Very nice piece. Apart from Mendelssohn, it also reminds a bit of Schumann. Keep up the good work, and never mind whether it's old fashioned or whatever. In these postmodern times, anything goes. If the visual arts are anything to go by, 19th century styles are making a very big comeback.

I used to compose in somewhat similar vein, though even simpler, because my pianistic abilities do not stretch much beyond grade 4 or so. Makes me think I should perhaps take it up again. I'm currently in the process of creating a YouTube channel where I shamelessly plug my art work in little videos of music with slide shows of art. But it's difficult to get hold of suitable music that is also in the public domain, so perhaps I should just compose my own and get it done with (and hope everyone is so blown away by the art that they don't notice the music!)


----------



## MarkMcD (Mar 31, 2014)

Hi Omnimusic,

This is lovely, I really like it. So what if it has shades of the past, for me, beautiful is beautiful, and it doesn't have to be contemporary to still have worth. This is something that I would love to play and I'm sure there are many others who would feel the same.

I don't write music to please anyone other than myself. I don't want to be famous (which is just as well lol), I don't want to change myself to suit others sensibilities, I just write what speaks to me and if this is what speaks to you, then you should continue whole heartedly and continue to post your work because for every stalwart modernist who tells you it's not of any musical value in today's "classical market", (which in terms of advancing today's musical envelop and winning you fame and fortune, is probably true), there is also a die hard sentimentalist who will love what you do and wont care about it being on the cutting edge.

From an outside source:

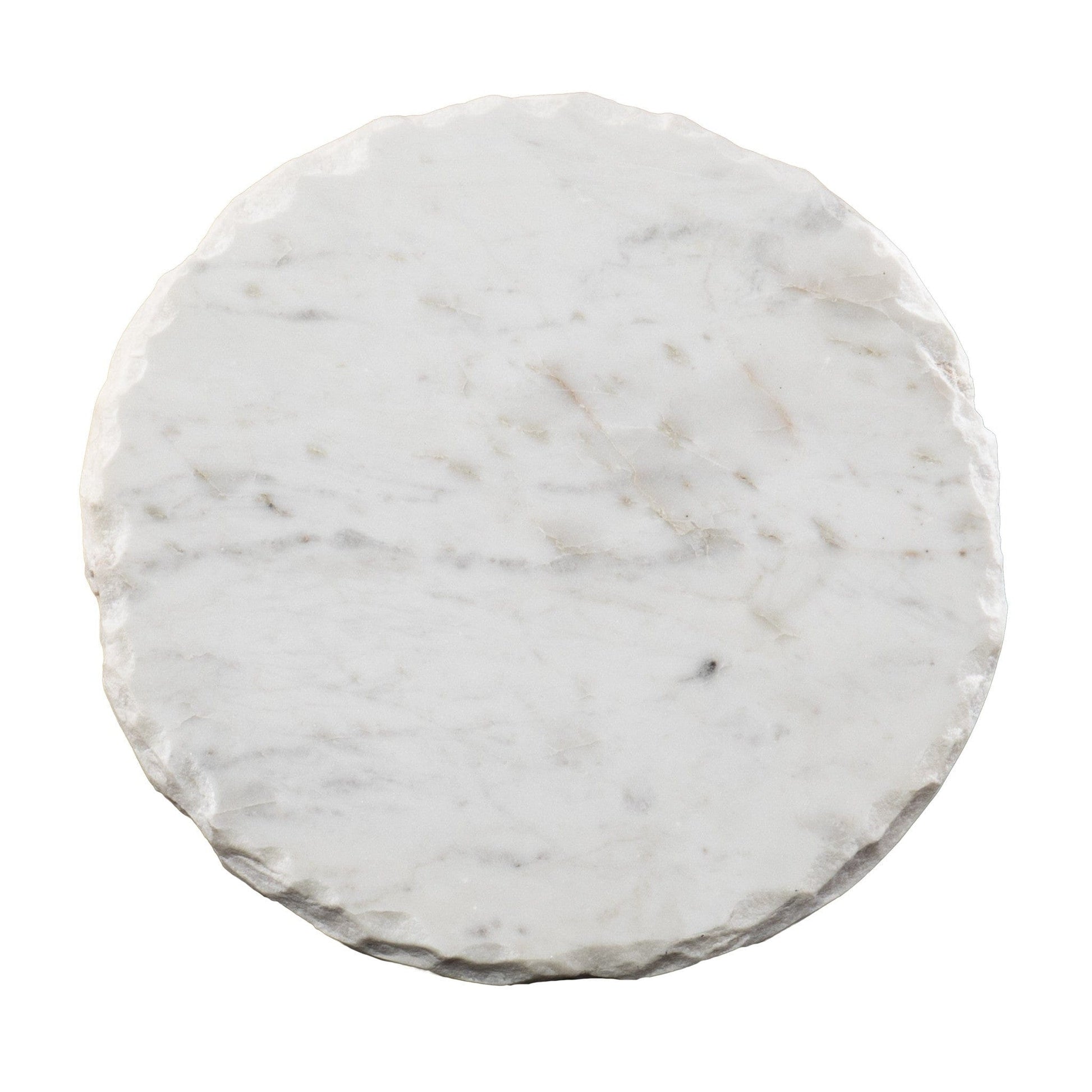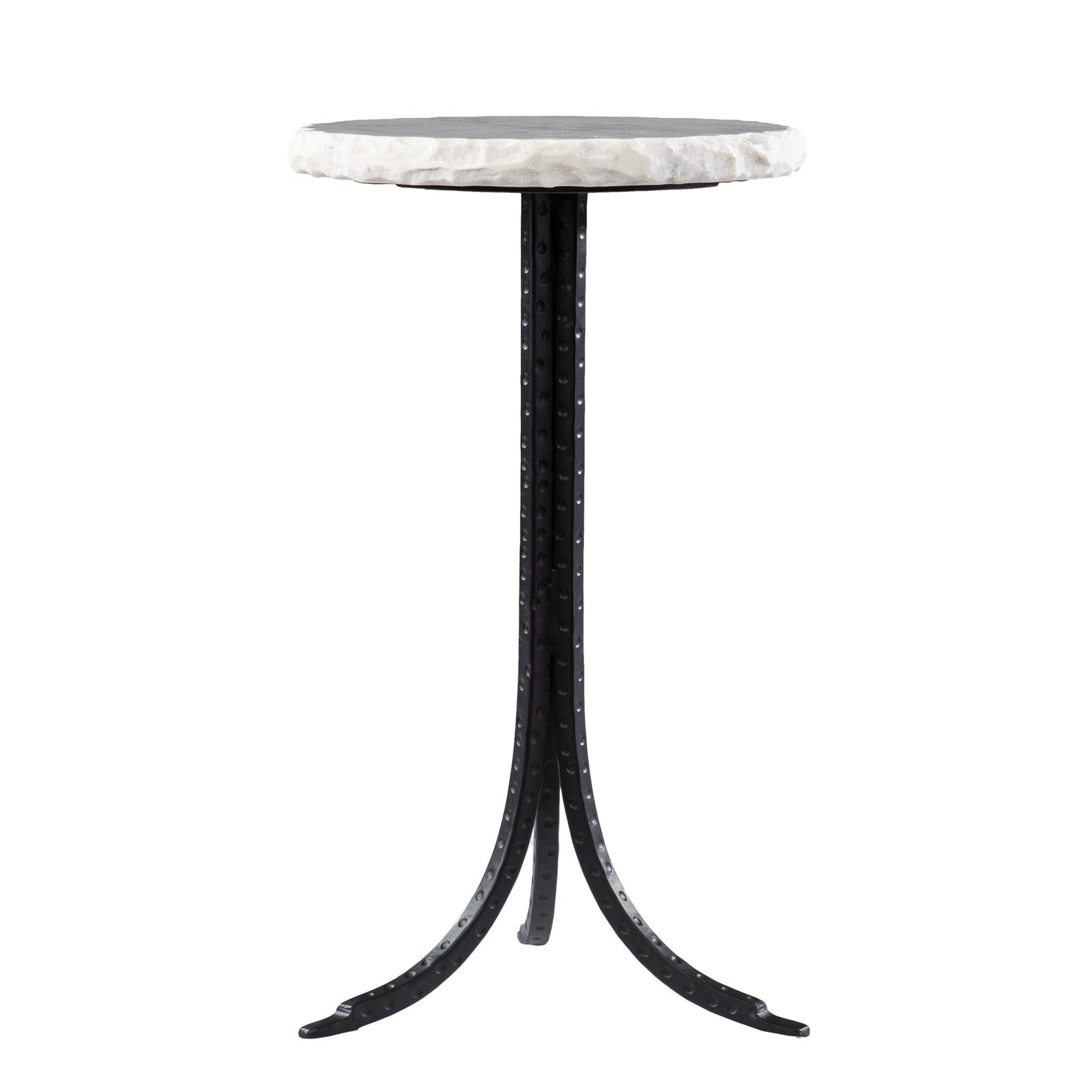Optimize your space and add some charm to your room with the 23" black and white marble and metal round end table. It is crafted out of marble to create an inspiring atmosphere in any room. A black metal frame is finished off with a white marble top that is the epitomy of quality construction and design. A great accent on either side of the sofa or bed, this adorable end or side table is just what you need. You can also use it as an entryway table to hold your keys. 22.75" H x 13.25" W x 13.25" D

It would be great if you could post the score, because seriously I would love to play it.

Regards
Mark


----------



## Omnimusic (Jun 11, 2016)

gprengel said:


> Dear Omnimusic, I love your romantic and charming piece, very beautiful and indeed melodious! It reminds me of Mendelssohn's songs without words which also I adore. I am glad that there are still people like you who dont care so much for style but just let their heart flow.... thank you!!! Gerd


Dear Gerd,
Thanks a lot for your kind words! It is really wonderful for me to see, that there are people who appreciate my music!


----------



## Omnimusic (Jun 11, 2016)

Vasks said:


> If by classical-style you mean only imitation of Bach, Beethoven, Brahms, then the answer no. If you mean Art Music no matter how contemporary or imitative, the answer is still no. There have been so many styles posted here that any semblance of classical only doesn't exist.
> 
> Gerd is right; your piece is Mendelssohnian to a "T". But I prefer to listen to Art Music composer trying to express their 21st Century selves no matter how rough it may be.


Hello Vasks,

Thank you for your comments. I had a closer look backwards at some of the previous posts, and it is true that there is a huge variation in both styles (and quality) of the music, which has been posted in this forum, so there is something for everyone.
And of course, there are people who do not like my music. I would not expect anything else!


----------



## Omnimusic (Jun 11, 2016)

brianvds said:


> Very nice piece. Apart from Mendelssohn, it also reminds a bit of Schumann. Keep up the good work, and never mind whether it's old fashioned or whatever. In these postmodern times, anything goes. If the visual arts are anything to go by, 19th century styles are making a very big comeback.
> 
> I used to compose in somewhat similar vein, though even simpler, because my pianistic abilities do not stretch much beyond grade 4 or so. Makes me think I should perhaps take it up again. I'm currently in the process of creating a YouTube channel where I shamelessly plug my art work in little videos of music with slide shows of art. But it's difficult to get hold of suitable music that is also in the public domain, so perhaps I should just compose my own and get it done with (and hope everyone is so blown away by the art that they don't notice the music!)


Hello brianvds,

I am glad that you like my little piece, and thanks for your support! I used to be worried about people telling me that my music is old-fashinoned, not worth anything in the 21th century etc. Not any more! I am on a road of success.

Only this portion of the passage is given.